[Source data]
*** Begin section ***

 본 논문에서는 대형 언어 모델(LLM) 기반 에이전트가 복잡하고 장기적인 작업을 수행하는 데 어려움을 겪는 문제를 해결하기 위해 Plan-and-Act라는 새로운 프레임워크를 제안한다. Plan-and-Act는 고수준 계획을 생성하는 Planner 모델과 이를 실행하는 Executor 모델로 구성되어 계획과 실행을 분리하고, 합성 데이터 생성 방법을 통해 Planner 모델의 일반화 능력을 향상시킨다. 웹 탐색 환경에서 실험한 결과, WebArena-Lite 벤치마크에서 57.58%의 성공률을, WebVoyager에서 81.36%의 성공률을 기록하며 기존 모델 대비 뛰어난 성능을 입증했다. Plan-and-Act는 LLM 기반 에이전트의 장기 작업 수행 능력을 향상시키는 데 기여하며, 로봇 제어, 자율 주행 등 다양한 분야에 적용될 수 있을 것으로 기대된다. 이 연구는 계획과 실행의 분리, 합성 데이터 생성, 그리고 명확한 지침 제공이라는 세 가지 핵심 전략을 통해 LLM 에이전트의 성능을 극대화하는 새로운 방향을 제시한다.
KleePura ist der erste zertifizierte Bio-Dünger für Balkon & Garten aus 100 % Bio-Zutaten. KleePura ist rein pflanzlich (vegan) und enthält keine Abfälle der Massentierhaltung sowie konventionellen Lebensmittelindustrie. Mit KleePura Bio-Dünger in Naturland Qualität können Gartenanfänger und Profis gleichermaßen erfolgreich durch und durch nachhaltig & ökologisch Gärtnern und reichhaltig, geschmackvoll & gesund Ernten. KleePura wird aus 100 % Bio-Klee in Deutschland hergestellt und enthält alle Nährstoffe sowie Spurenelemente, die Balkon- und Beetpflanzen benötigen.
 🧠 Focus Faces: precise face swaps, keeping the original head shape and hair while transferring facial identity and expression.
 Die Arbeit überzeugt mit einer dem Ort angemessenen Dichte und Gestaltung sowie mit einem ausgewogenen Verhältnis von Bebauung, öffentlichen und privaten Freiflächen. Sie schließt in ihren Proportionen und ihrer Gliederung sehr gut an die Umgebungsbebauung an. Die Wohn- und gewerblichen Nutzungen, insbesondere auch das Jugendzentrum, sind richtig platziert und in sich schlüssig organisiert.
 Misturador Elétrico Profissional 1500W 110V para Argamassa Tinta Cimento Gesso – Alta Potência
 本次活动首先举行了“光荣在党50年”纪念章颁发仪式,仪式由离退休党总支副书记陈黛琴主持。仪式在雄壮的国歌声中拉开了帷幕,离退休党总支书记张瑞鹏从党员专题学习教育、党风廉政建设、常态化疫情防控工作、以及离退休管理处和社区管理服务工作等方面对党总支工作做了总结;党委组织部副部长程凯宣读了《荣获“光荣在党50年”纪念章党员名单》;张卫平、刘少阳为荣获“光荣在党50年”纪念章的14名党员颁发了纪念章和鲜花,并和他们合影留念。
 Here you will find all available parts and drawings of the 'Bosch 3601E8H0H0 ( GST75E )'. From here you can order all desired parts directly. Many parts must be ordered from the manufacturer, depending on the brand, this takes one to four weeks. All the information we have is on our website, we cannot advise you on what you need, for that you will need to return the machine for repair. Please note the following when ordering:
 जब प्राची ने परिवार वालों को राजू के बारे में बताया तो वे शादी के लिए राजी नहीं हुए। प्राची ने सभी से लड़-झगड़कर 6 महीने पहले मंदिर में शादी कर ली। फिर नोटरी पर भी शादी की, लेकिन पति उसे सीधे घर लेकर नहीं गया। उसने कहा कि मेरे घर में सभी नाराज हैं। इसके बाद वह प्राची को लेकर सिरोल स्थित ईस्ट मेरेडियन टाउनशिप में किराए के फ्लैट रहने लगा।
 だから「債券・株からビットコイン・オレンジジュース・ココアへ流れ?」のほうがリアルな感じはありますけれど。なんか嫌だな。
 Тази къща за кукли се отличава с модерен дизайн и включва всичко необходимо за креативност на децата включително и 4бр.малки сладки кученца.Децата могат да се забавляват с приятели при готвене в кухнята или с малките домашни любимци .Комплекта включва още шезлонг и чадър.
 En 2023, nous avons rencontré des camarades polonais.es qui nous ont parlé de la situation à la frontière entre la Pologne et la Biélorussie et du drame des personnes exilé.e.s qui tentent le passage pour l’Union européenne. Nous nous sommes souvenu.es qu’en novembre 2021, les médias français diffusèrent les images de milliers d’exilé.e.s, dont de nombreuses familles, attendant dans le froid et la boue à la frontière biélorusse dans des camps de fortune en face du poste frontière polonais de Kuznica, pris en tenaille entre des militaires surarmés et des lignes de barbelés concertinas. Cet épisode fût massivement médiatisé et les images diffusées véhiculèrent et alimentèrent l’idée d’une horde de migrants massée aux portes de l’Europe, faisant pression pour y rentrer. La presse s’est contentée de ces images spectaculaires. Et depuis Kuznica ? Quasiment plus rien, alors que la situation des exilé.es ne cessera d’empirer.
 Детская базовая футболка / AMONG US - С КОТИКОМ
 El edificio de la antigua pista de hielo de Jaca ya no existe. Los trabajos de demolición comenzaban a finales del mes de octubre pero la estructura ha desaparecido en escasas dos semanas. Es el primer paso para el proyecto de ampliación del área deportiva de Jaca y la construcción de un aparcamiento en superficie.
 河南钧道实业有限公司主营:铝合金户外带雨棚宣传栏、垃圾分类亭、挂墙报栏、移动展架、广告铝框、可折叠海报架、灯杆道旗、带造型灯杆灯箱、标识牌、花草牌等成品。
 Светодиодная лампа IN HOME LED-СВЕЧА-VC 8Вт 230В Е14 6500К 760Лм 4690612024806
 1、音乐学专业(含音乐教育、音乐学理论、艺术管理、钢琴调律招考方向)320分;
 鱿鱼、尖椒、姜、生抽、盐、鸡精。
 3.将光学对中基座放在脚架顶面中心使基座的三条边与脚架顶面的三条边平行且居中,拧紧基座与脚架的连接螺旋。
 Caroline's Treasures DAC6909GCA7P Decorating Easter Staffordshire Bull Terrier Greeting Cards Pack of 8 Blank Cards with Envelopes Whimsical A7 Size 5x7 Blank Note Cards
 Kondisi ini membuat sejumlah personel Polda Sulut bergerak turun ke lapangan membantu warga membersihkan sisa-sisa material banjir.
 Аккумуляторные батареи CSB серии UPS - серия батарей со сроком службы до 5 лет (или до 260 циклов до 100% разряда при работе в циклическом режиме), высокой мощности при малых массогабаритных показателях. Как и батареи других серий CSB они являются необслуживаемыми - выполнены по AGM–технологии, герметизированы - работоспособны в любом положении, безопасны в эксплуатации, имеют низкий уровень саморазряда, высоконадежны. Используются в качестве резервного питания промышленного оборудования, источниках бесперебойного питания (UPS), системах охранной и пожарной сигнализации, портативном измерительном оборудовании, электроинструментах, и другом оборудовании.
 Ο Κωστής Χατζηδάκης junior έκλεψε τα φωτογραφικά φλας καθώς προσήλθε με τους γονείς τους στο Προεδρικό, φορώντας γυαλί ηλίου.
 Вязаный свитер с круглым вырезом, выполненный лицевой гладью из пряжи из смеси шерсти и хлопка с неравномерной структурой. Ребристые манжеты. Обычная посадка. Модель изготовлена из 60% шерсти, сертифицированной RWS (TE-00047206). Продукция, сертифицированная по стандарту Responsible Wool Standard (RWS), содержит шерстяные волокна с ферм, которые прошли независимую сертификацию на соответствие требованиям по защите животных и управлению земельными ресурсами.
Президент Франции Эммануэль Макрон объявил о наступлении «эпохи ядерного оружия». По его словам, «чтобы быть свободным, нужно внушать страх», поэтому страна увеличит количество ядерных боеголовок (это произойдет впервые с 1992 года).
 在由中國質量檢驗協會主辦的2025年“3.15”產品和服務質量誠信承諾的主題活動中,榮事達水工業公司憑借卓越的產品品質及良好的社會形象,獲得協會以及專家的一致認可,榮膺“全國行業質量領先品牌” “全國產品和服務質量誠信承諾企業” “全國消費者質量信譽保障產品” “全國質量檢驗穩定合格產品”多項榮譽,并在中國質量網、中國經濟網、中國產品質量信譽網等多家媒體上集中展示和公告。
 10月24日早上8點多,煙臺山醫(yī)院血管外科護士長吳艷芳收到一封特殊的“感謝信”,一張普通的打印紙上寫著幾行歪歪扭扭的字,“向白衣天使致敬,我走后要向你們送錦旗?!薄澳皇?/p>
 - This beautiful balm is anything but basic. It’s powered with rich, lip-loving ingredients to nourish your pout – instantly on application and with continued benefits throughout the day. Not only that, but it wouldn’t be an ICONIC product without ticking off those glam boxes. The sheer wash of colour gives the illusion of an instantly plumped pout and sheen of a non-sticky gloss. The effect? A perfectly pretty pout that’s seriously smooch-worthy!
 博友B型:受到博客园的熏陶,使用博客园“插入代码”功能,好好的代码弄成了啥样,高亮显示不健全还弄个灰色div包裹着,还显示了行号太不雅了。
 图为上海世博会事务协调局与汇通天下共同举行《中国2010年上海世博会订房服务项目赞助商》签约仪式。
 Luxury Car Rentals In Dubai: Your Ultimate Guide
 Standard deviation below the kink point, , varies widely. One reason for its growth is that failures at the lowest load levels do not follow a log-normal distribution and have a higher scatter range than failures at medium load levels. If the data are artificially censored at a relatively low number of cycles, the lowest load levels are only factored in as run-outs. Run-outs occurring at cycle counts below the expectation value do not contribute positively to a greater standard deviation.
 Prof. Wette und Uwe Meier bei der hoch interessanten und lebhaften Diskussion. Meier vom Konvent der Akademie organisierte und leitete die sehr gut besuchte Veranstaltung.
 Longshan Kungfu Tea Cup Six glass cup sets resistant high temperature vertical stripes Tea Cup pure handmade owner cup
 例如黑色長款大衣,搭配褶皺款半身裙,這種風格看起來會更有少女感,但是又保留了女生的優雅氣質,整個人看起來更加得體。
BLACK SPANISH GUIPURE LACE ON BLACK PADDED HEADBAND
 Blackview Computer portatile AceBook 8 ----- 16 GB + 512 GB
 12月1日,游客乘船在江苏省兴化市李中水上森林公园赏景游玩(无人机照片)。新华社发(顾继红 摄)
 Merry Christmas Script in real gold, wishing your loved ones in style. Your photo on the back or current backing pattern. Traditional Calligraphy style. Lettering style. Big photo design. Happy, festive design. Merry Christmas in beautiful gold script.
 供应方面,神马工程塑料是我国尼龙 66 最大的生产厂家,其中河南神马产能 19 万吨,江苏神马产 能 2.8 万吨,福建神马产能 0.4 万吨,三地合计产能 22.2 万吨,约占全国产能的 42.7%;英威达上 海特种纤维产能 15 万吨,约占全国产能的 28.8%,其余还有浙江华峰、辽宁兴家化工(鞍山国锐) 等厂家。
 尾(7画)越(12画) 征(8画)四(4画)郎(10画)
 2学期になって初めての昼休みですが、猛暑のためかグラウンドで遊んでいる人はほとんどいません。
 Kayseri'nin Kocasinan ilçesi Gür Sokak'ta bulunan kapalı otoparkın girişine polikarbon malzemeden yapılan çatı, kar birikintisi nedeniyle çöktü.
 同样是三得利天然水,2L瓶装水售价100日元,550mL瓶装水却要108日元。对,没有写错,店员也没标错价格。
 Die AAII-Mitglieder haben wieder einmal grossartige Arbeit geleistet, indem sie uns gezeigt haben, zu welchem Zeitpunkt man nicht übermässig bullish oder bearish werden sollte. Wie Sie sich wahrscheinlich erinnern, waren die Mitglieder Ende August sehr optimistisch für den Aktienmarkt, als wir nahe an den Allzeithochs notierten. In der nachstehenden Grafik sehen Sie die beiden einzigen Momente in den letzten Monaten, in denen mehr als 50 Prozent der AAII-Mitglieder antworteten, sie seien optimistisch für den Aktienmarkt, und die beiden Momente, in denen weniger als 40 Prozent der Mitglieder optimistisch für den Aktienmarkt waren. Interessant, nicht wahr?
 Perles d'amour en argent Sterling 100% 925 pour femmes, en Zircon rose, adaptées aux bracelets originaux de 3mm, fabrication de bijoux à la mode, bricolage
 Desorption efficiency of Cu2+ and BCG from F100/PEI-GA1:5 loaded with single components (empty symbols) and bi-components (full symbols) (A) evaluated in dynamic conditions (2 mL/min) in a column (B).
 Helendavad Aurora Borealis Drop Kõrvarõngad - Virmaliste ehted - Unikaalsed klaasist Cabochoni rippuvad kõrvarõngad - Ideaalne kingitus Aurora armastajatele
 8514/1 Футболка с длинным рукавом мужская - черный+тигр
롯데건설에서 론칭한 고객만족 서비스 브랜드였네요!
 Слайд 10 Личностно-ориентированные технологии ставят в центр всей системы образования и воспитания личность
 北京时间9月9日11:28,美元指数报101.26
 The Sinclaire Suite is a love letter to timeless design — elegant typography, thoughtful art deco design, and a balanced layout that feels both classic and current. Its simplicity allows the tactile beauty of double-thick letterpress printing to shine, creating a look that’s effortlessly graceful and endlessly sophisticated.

*** End section ***

◆ TRY IT ◆
Output nothing but the number of lines in the data containing the string "sehr".

◆ OUTPUT FOR THIS EXERCISE ◆
3